So in other words you are saying that it is a lawful exercise of the president's power to commit felony obstruction of justice. You have not thought the consequences of this through. If he can commit felony obstruction of justice can he have the FBI and/or administration members go over and secretly intimidate witnesses not to testify? Can he go through and purge all the records of his criminal activity? If so, how would Congress or anyone else ever know that Trump and/or his associates were committing crimes or abusing power? Hell, what if Trump had his friend go over and literally murder every member of Congress and then told the FBI to drop the investigation? Can't impeach him if you're dead. (I know that's an extreme example but I see no limiting principle in your argument that would prevent it)

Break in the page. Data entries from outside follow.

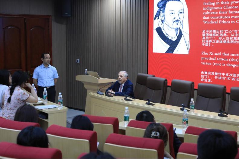 受聘仪式和参观结束后,由湘雅公共卫生学院院长胡国清主持,Arthur Kleinman教授以“照护在我们这个时代的非凡重要性”为题,为师生带来了一场精彩而深刻的学术报告,现场师生积极互动,学术氛围热烈。报告会上,Arthur Kleinman教授基于其著作《照护的灵魂》(The Soul of Care),从人类学视角剖析了当代医疗体系中照护缺失的深层矛盾,并提出系统性改革方案。他强调,照护是融合身体支持、情感陪伴与道德责任的互惠实践,并指出医疗体系中的三重悖论。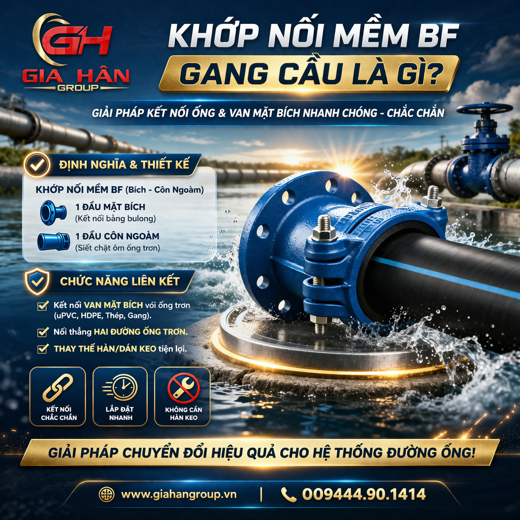 - Khớp nối mềm BF (hay còn được gọi là mối nối BF, ngàm BF) là một phụ kiện chuyên dụng trong ngành nước được đúc nguyên khối từ gang. Đặc điểm nhận diện cốt lõi của sản phẩm này nằm ở thiết kế bất đối xứng: một mặt kết nối là mặt bích (để bắt bulong), một mặt kết nối theo kiểu dạng côn ngoàm (để siết chặt ôm lấy thân ống).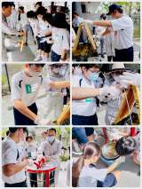 見学の後は、いよいよ採密体験です。 板から蜂蜜をそぎ落としていきます。 その後、...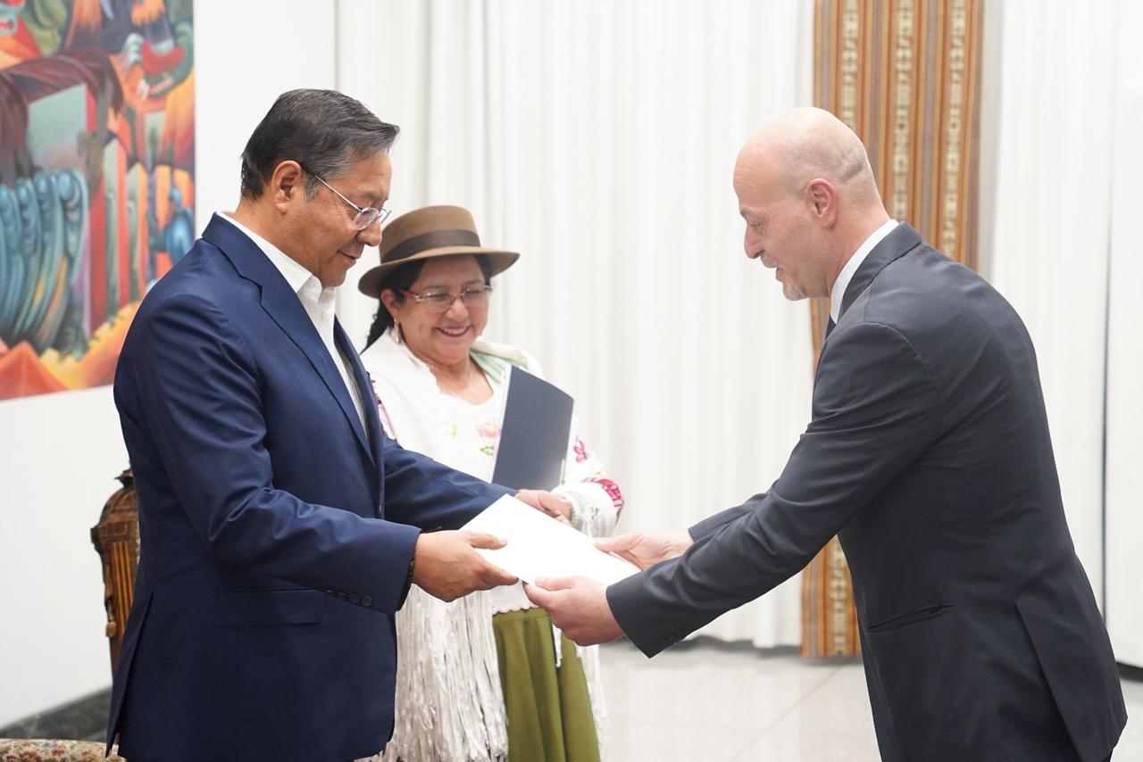 لاباز 15-10-2025 وفا- قدم السفير أحمد فخري الأسعد أبو الفواخر، اليوم الأربعاء، أوراق اعتماده للرئيس البوليفي لويس أرسي، سفيراً فوق العادة لدولة فلسطين لدى بوليفيا.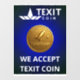Official Logo TexitCoin We Accept Texit Coin Window Cling Dark Blue with Bright White Letters and Gold Coin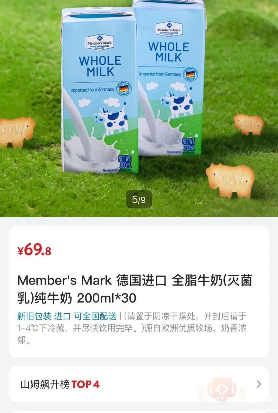 山姆APP显示,此次的涉事商品是山姆自有品牌的全脂牛奶,宣称德国进口,为“山姆飙升榜第四名”。在山姆APP上,30瓶200mL的产品售价69.8元,平均每瓶牛奶售价2.33元。
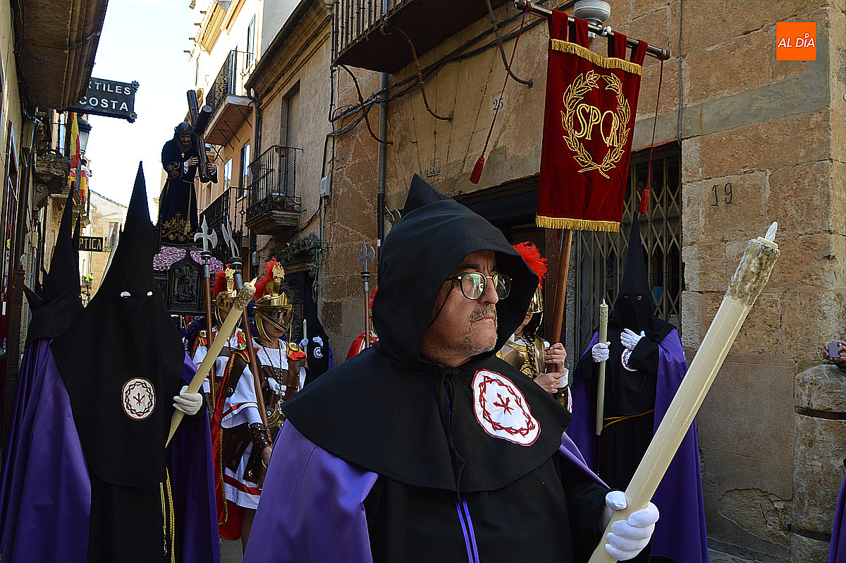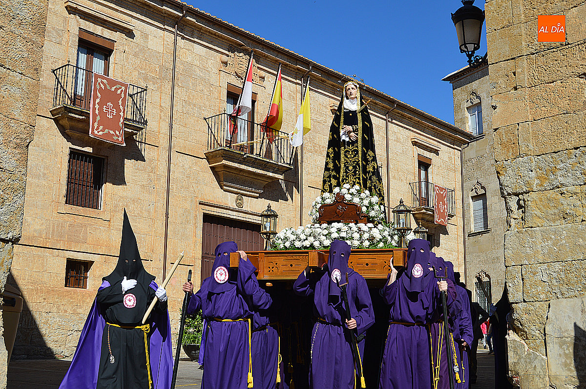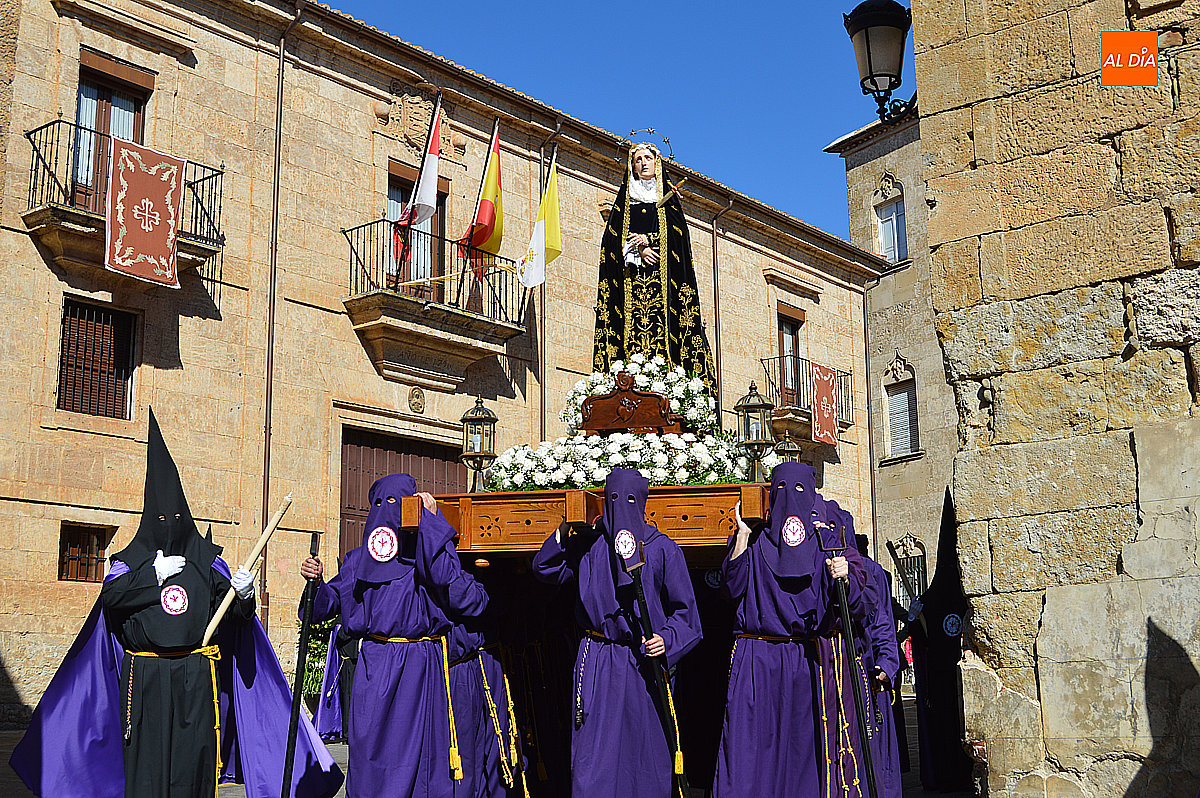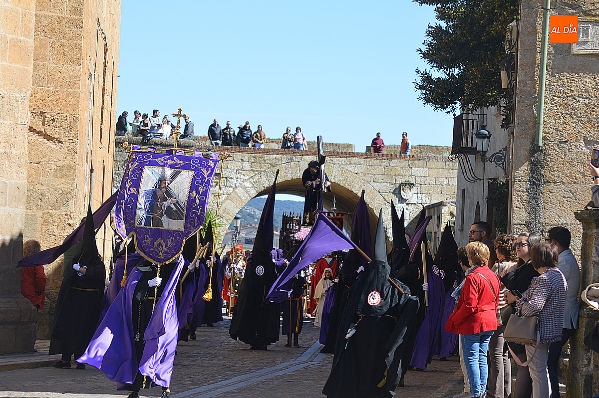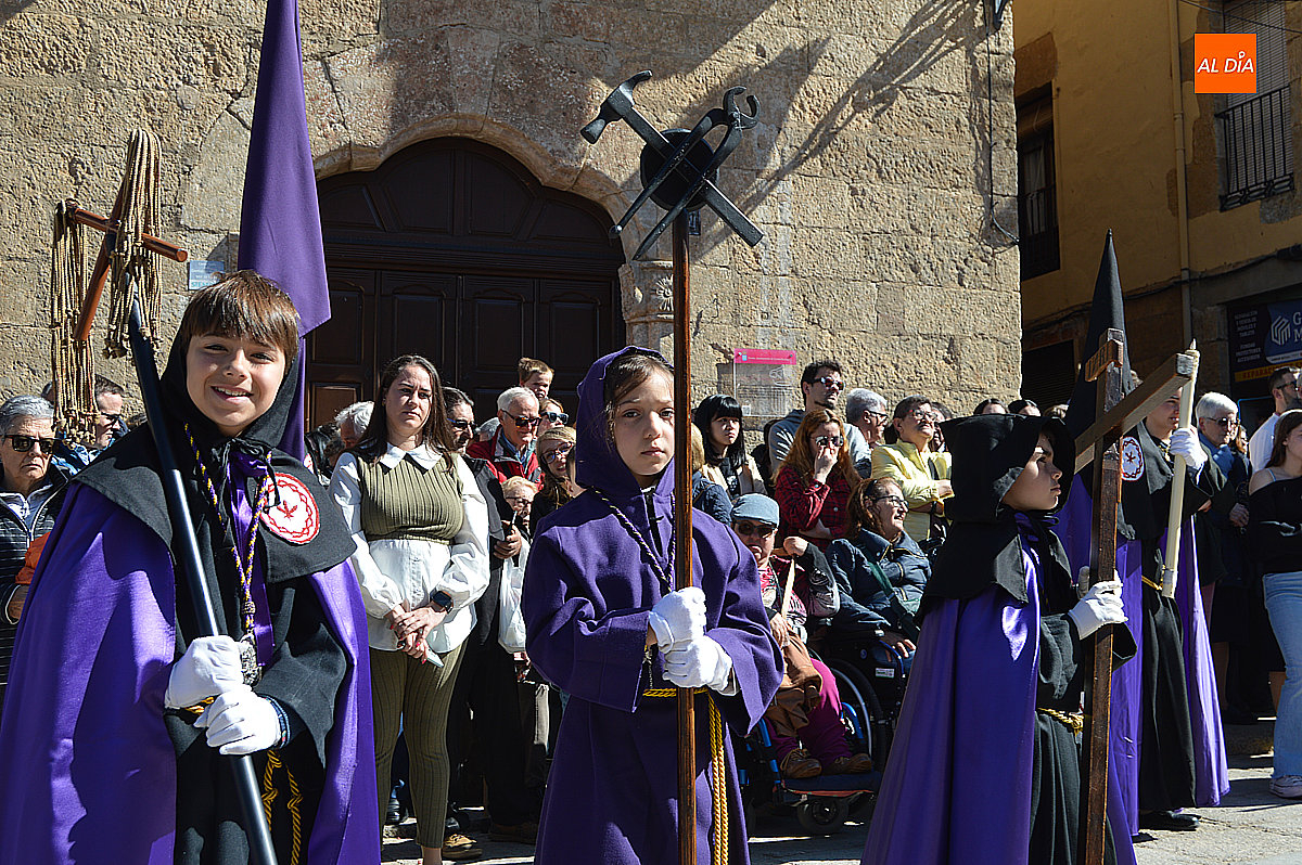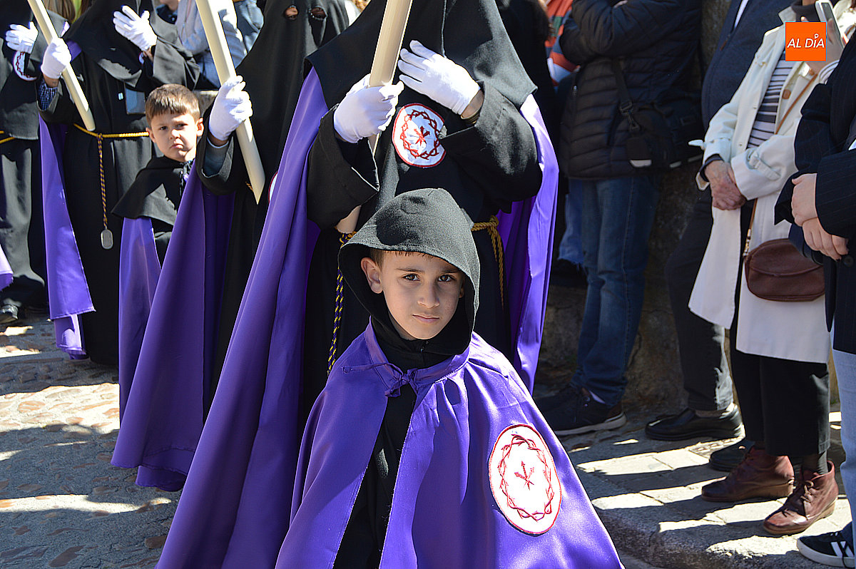 La Procesión del Santo Encuentro ha congregado a cientos de personas en la Plaza Mayor de Ciudad Rodrigo durante la mañana del Viernes Santo. Las imágenes del Cristo cargando la Cruz y La Dolorosa, de la Cofradía de Jesús Nazareno, han protagonizado este emotivo acto central antes de regresar juntas a la Catedral.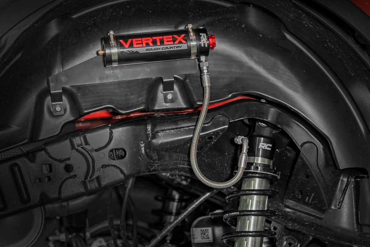 Experience superior handling and versatility with Rough Country's 2.5 Vertex Coilovers, featuring an 8-stage adjustable damping system. Whether you're navigating city streets or tackling rugged off-road trails, these coilovers allow you to customize your ride's comfort and performance with a simple turn of the dial. Built for extreme conditions, they boast a robust monotube design with an external remote reservoir. This means increased oil capacity and superior heat dissipation, which enhances damping sensitivity and reduces shock fade under heavy loads, ensuring dependable performance.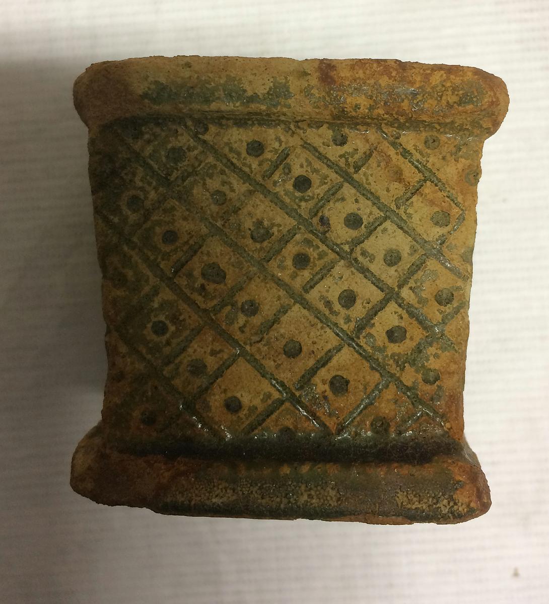 Kubisk form. Ihålig med fyra mindre hål, troligen som pennhållare. Sidorna med plastisk dekor, streck-och-punkter.

Congress simply does not have the technical capability or experience to properly investigate large swaths of federal crimes. Particularly relevant to this case is that Congress has no capacity to investigate money laundering, counterintelligence investigations for conspiracy with hostile foreign powers, or other financial crimes Trump, his family, or his associates have engaged in. When Congress investigates that stuff these days they do so by... you guessed it... asking the executive agencies like the FBI for help. If the FBI just said no and refused to investigate it Congress would be stuck either impeaching the President based on functionally no evidence or letting it go.
This is basically a recipe for unlimited criminal behavior by the president and his associates.